As celebrações Solsticiais ocorrem a partir de 24 de Dezembro. O problema da desertificação demográfica em todo o Trás-os-Montes, não impede que muitos jovens regressem às aldeias neste período de Natal e Ano Novo. Muitos deles são jovens bem integrados e com sucesso na sociedade moderna que aderem a práticas ancestrais.
À frente desta festividade cíclica estão dois Mordomos, eleitos no ano anterior. Os preparativos começam em Agosto com a contratação do gaiteiro e a reserva do vitelo. A festa começa a 24 de Dezembro, coma imolação do vitelo que servirá para as refeições dos "confrades". A "casa da festa" é exclusivamente frequentada pelos rapazes solteiros da confraria e dois cozinheiros (únicos casados admitidos). Ninguém mais lá pode entrar. Fica um ar de secretismo sobre o que lá se passa. Há praxes nunca divulgadas. A noite de 24 é passada com o ensaio das "loas" (quadras de maldizer, sobre acontecimentos ou pessoas da aldeia). A seguir vão comer. Naqueles três dias de festividades, comem e bebem muito, demais.

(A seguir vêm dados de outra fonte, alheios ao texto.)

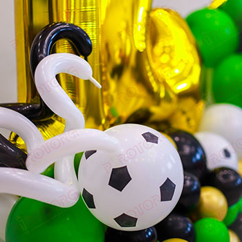 Золотые цифры, фигура "кубок"; Декор: спирали из ШДМ, шары футбольный мяч; Подставка из разнокалиберных шаров с воздухом, цвета: черный, зеленый, белый, золото; Высота композиции 135см.

Na alvorada de 25, os rapazes assistem à missa ainda sem máscaras. Logo a seguir, saem a correr e vestem os seus fatos de Caretos. A partir daí é o caos. Correm, gritam, berram, agitam os chocalhos, fazem diabruras a toda a gente, têm uma liberdade ilimitada. Um estado quase a raiar a loucura. Começa o cantar das "loas", um conjunto de quadras que exorciza, com o seu maldizer, os rumores da aldeia, trazendo para a luz do dia aquilo que vive na obscuridade. Ninguém os pode levar a mal. De seguida vão de casa em casa, continuando as suas travessuras. São recebidos com bolos e Vinho do Porto. Todos gostam de ouvir os Caretos bater à sua porta. Eles representam a energia do Ano Novo que se quer fértil e abundante.
Para a mentalidade arcaico-solar, o guerreiro é símbolo da energia espiritual que cosmiza o caos, ou seja, aquele que se supera a si próprio, que enfrenta com êxito os estados-limite. Por isso, Marte, deus da guerra, era também uma divindade protectora e agrícola.

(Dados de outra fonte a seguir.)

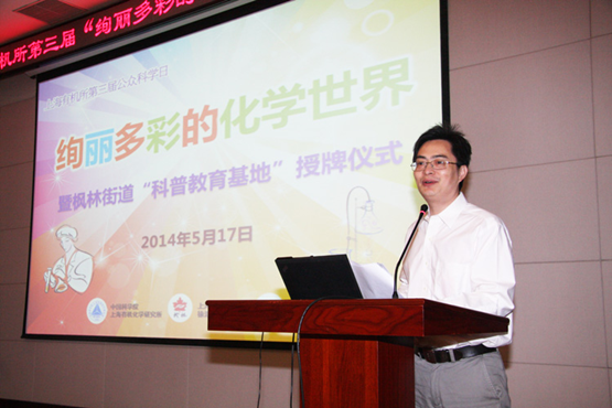 5月17日,以“绚丽多彩的化学世界”为主题的2014年度上海有机所公众科学日暨枫林街道“科普教育基地”授牌仪式在中国科学院上海有机化学研究所君谋楼举行。

À noite realiza-se o jantar na "casa da festa" só com a presença dos membros da confraria e dos cozinheiros. Independentemente do estado alcoólico em que fiquem, no dia seguinte, mal a gaita toque, todos têm de estar presentes. É a ideia de ser posto à prova, uma constante nas Festas de Rapazes.
Dia 26, é o dia dedicado a Santo Estevão (o primeiro mártir do cristianismo e padroeiro dos Rapazes). Há missa solene. Ao almoço elegem-se os Mordomos do ano seguinte. De seguida, os rapazes vão pedir autorização aos pais das raparigas para elas participarem no jantar da noite que se realiza em mesas separadas. A Festa encerra com um baile. Depois de separados por três dias, os princípios masculino e feminino, simbolizados pelos rapazes e pelas raparigas, voltam a unir-se. Ultimamente, em Trás-os-Montes, tem crescido o número de Festas de Raparigas. É provável que elas existissem em tempos pré-cristâos, baseadas nos mistérios de Artémis e nos seus ritos de passagem, e que depois não resistiram ao advento da cultura judaico-cristã...

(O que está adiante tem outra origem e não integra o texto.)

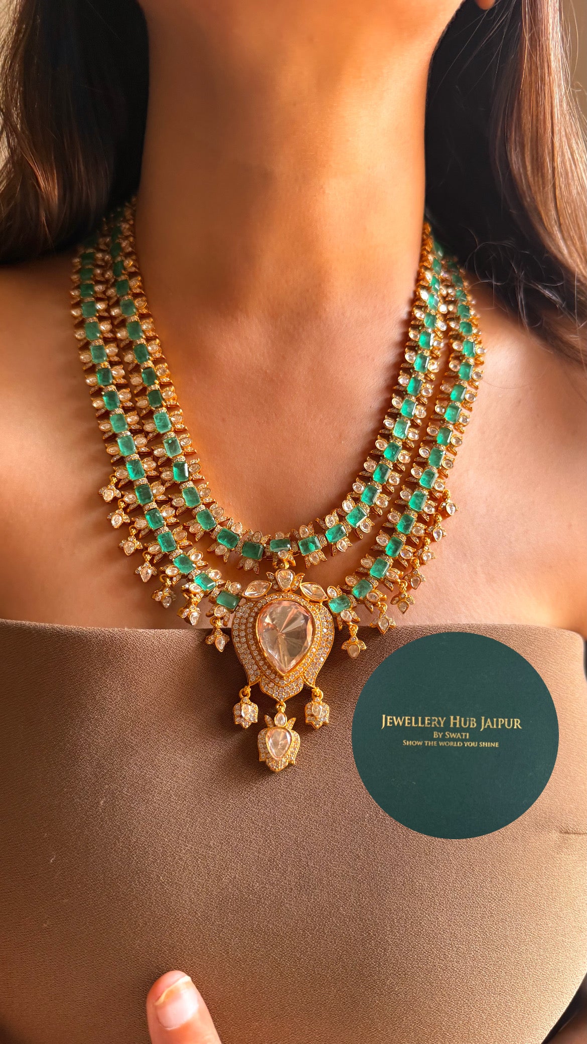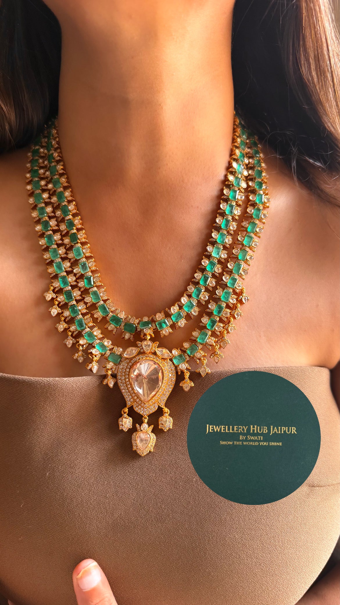 Emerald doublet dual layered moissanite polki mid length set

Bibliografia: "A Alma Secreta de Portugal", de Paulo Alexandre Loução.
5 comments:
Muito interessante ! Tenho aprendido muito da História -e com as histórias- que aqui leio.
Obrigada.
Mais um livro a publicar.
"CARETOS III"
Muito legal manterem uma tradição, não é?
Bonito ver os rapazes se guardarem, fazerem segredos, beberem, e depois, na hora séria, estarem apostos!! Assim tudo continuará para o ano que vem. Apesar de tudo, ou em tudo, tem sempre uma dose de responsabilidade e ordem...
Muito legal saber das origens da terra de minha avó, que contada por você com tanta facilidade e beleza me encanta.
Um beijo grande querido!
CON
Caretos... que bom lembrar essa tradição. Não a sabia nos pormenores. Obrigada pela partilha!
VAMOS TER MAIS UM EPISÓDIO PARA "REMATAR" OS CARETOS.
Muito interessantes estes ritos ancestrais qua ainda são mantidos nesta região.